Theorem (Van der Waerden 1927)
For every choice of positive integers [math]\displaystyle{ r }[/math] and [math]\displaystyle{ t }[/math], there exists an integer [math]\displaystyle{ W(r,t) }[/math] such that for every [math]\displaystyle{ r }[/math]-coloring of [math]\displaystyle{ [n] }[/math] where [math]\displaystyle{ n\ge W(r,t) }[/math], there exists a monochromatic arithmetic progression of length [math]\displaystyle{ t }[/math].

Hales–Jewett Theorem

Theorem (Hales-Jewett 1963)
Let [math]\displaystyle{ A }[/math] be a finte alphabet of [math]\displaystyle{ t }[/math] symbols and let [math]\displaystyle{ r }[/math] be a positive integer. Then there exists an integer [math]\displaystyle{ \mathrm{HJ}(r,t) }[/math] such that for every [math]\displaystyle{ r }[/math]-coloring of the cube [math]\displaystyle{ A^n }[/math] where [math]\displaystyle{ n\ge \mathrm{HJ}(r,t) }[/math], there exists a combinatorial line, which is monochromatic.

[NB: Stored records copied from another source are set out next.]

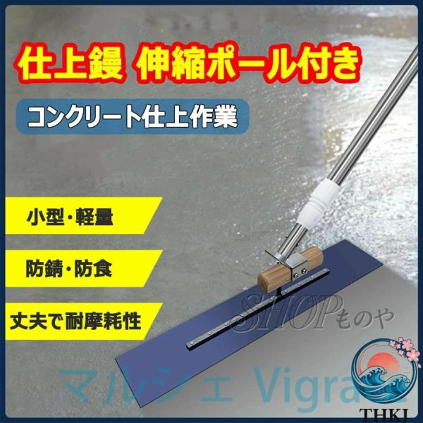 土間用仕上げ鏝 土間鏝本焼 角鏝 伸縮ポール付き 調節可能 スーパーハード鏝 左官コテ 仕上げ マグネシウム鏝 金コテ作業 トンボ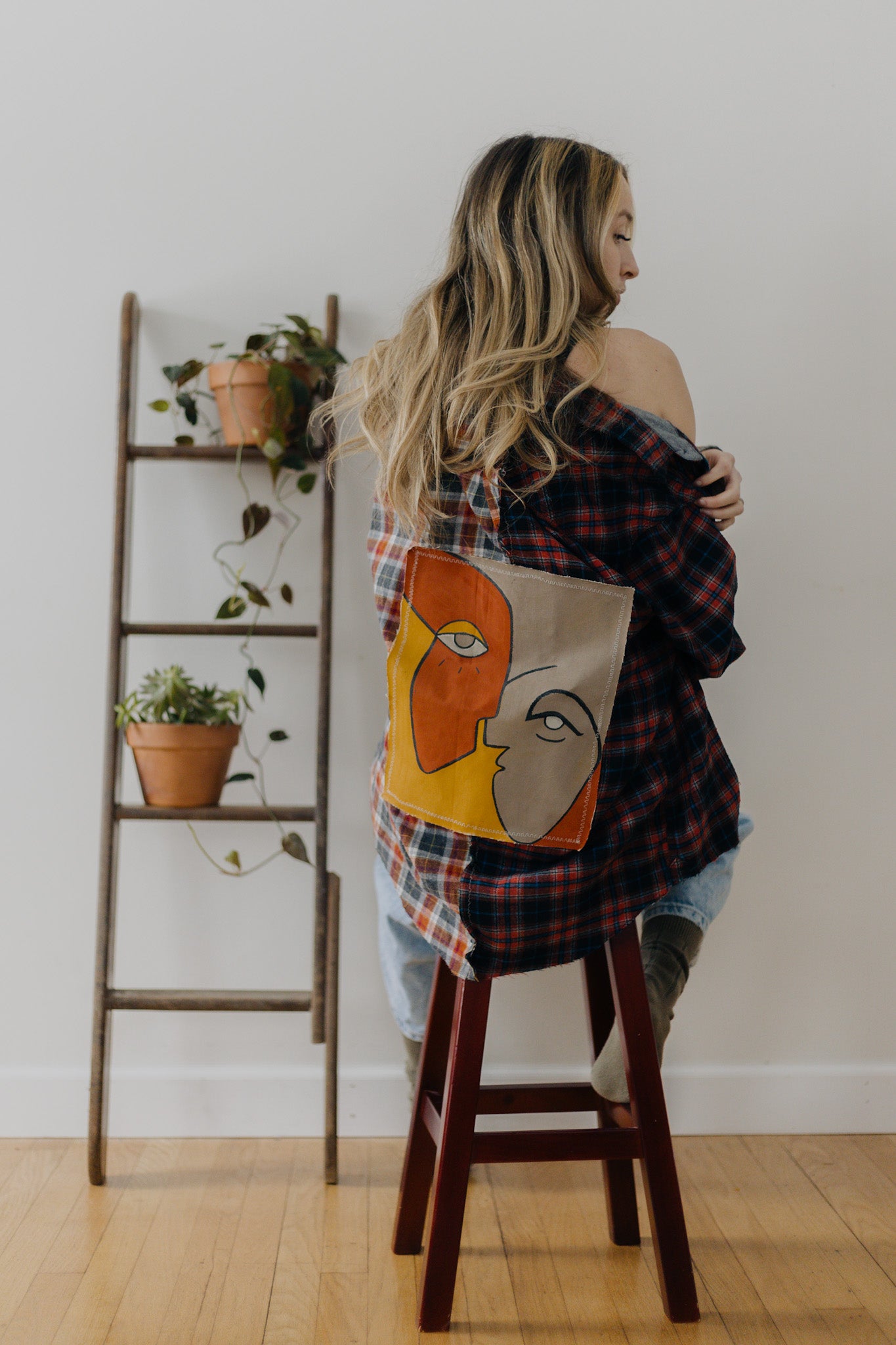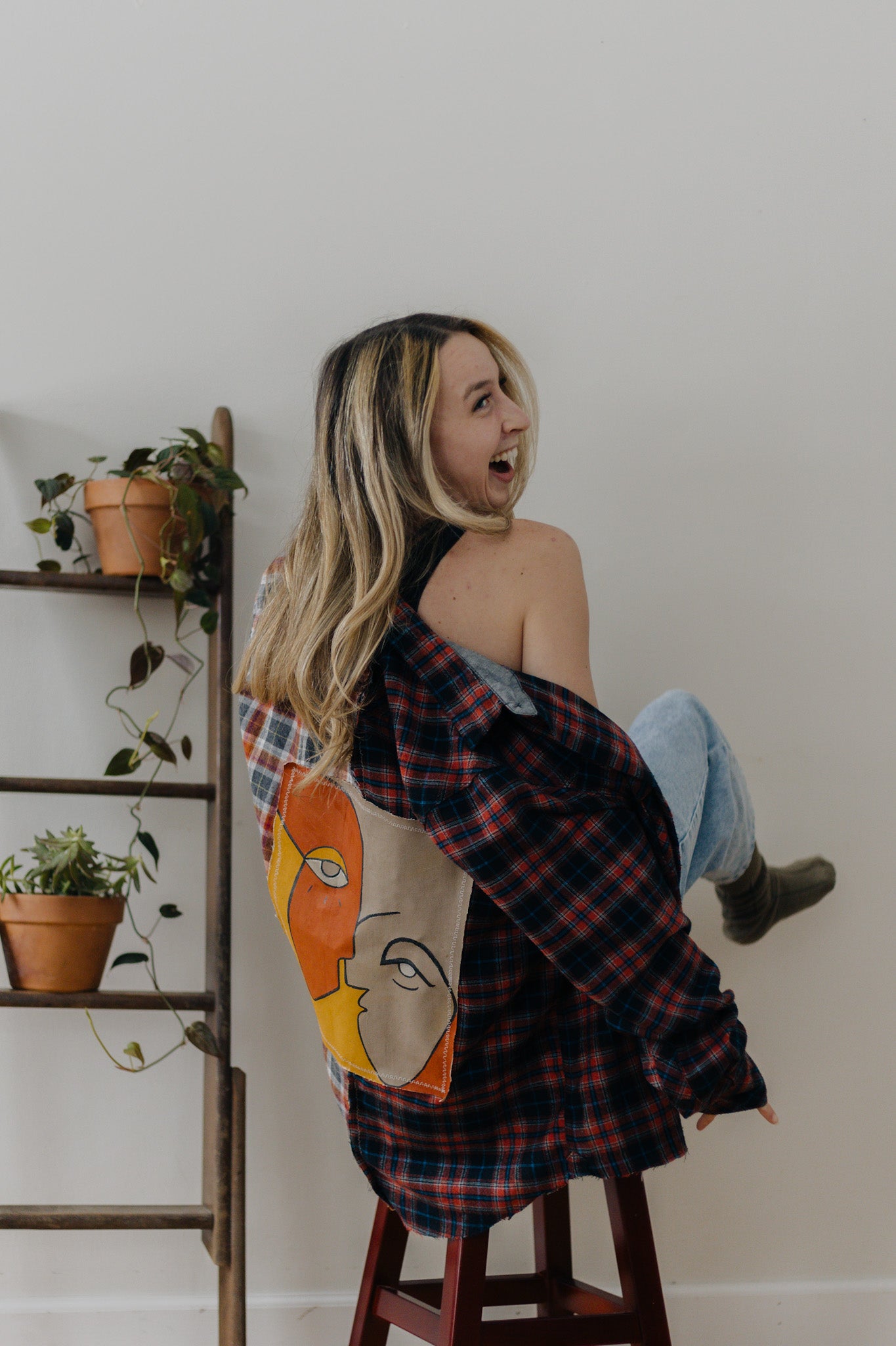 Funky colorful flannel to add some spice to your fit. This flannel was two thrifted flannels cut in half and sewn together, then the patch was hand painted and sewn on.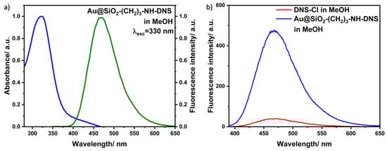 On the other hand, Figure 12b shows selected fluorescence spectra of the Au@SiO2–(CH2)3–NH–DNS nanocomposite in the MeOH solution (blue line) and DNS–Cl in methanol solution (red line), with the same concentration as in the above sample for reference. The measurements for these samples were performed under the same conditions. It is known that the plasmonic fluorescence enhancement or quenching strongly depends on the gold–fluorophore distance [34]. In the case of core–shell nanostructures, the distance between gold and fluorophore can be easily tuned by the silica shell thickness used. In our case, the intensity of the fluorescence spectrum of Au@SiO2–(CH2)3–NH–DNS nanocomposite is about 12 times higher than that of DNS–Cl. The fluorescence enhancement effect results from the electromagnetic interaction of light-excited plasmons located on the surface of the metallic core of the tested nanostructures with connected dansyl molecules [3,18].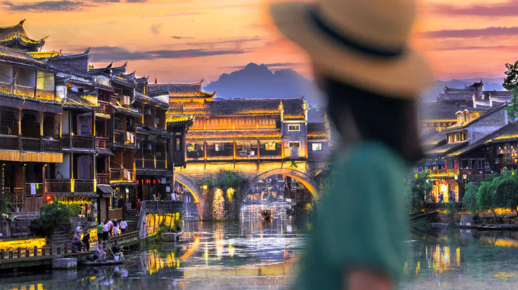 芙蓉镇游览后乘车前往凤凰古城,在凤凰古城乘坐沱江泛舟享两岸风景

Theorem (Hales-Jewett 1963)
Let [math]\displaystyle{ A }[/math] be a finte alphabet of [math]\displaystyle{ t }[/math] symbols and let [math]\displaystyle{ m,r }[/math] be positive integers. Then there exists an integer [math]\displaystyle{ \mathrm{HJ}(m,r,t) }[/math] such that for every [math]\displaystyle{ r }[/math]-coloring of the cube [math]\displaystyle{ A^n }[/math] where [math]\displaystyle{ n\ge \mathrm{HJ}(r,t) }[/math], there exists a combinatorial [math]\displaystyle{ m }[/math]-space, which is monochromatic.